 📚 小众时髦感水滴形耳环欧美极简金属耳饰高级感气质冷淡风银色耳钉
• • • •
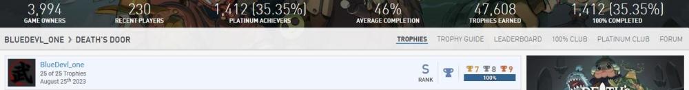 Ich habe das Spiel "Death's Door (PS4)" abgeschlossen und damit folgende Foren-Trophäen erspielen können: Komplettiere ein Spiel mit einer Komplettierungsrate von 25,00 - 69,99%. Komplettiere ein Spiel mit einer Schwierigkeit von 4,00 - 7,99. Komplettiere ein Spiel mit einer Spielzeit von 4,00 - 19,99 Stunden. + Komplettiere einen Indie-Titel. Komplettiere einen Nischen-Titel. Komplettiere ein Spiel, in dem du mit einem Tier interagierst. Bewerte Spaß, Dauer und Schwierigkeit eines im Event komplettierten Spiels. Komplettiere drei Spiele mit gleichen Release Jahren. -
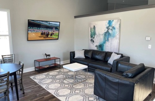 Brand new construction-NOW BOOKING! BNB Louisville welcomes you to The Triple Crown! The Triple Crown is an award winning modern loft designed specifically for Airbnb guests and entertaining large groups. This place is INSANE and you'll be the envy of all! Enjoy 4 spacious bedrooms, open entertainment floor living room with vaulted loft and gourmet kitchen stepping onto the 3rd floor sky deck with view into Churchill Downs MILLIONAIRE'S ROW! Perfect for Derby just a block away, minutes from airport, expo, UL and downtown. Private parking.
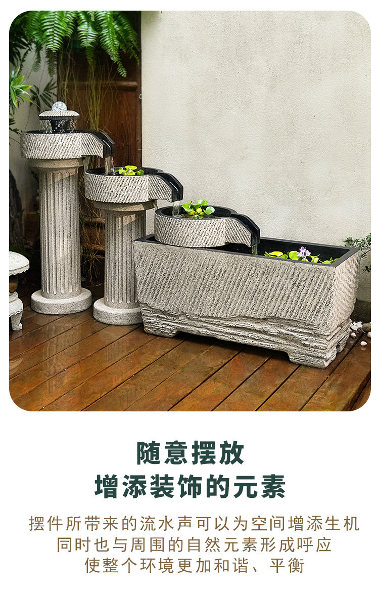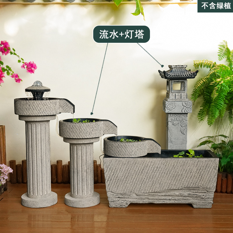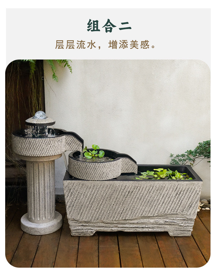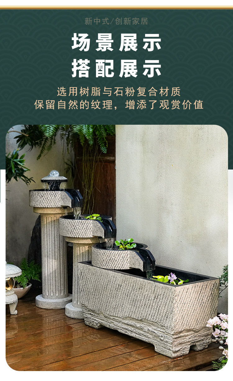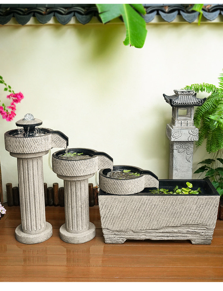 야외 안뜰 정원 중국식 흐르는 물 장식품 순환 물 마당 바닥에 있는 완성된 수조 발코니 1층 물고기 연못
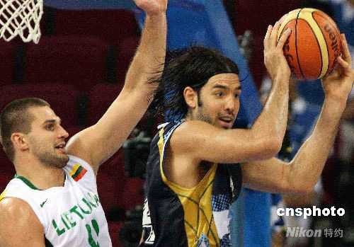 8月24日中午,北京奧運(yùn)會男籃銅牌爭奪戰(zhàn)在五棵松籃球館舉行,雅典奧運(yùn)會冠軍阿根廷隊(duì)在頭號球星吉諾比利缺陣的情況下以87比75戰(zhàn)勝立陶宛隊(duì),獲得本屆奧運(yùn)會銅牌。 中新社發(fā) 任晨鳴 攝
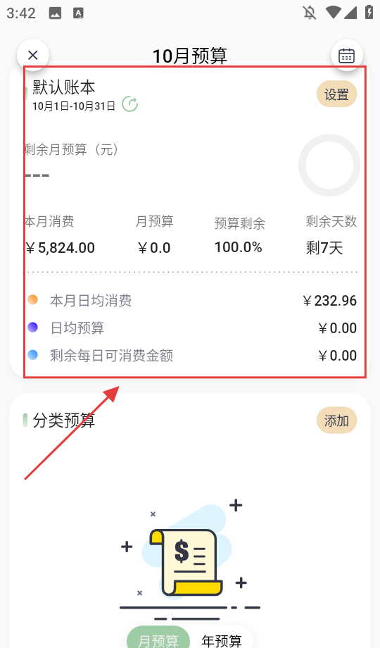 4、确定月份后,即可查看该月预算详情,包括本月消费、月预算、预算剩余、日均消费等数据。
• • • •
Task objective:
In the listing above, find the line containing "Brand new construction-NOW" and the line containing "4、确定月份后,即可查看该月", then output those two lines and everything between them exactly as written, without the images.

The answer:
 Brand new construction-NOW BOOKING! BNB Louisville welcomes you to The Triple Crown! The Triple Crown is an award winning modern loft designed specifically for Airbnb guests and entertaining large groups. This place is INSANE and you'll be the envy of all! Enjoy 4 spacious bedrooms, open entertainment floor living room with vaulted loft and gourmet kitchen stepping onto the 3rd floor sky deck with view into Churchill Downs MILLIONAIRE'S ROW! Perfect for Derby just a block away, minutes from airport, expo, UL and downtown. Private parking.
 야외 안뜰 정원 중국식 흐르는 물 장식품 순환 물 마당 바닥에 있는 완성된 수조 발코니 1층 물고기 연못
 8月24日中午,北京奧運(yùn)會男籃銅牌爭奪戰(zhàn)在五棵松籃球館舉行,雅典奧運(yùn)會冠軍阿根廷隊(duì)在頭號球星吉諾比利缺陣的情況下以87比75戰(zhàn)勝立陶宛隊(duì),獲得本屆奧運(yùn)會銅牌。 中新社發(fā) 任晨鳴 攝
 4、确定月份后,即可查看该月预算详情,包括本月消费、月预算、预算剩余、日均消费等数据。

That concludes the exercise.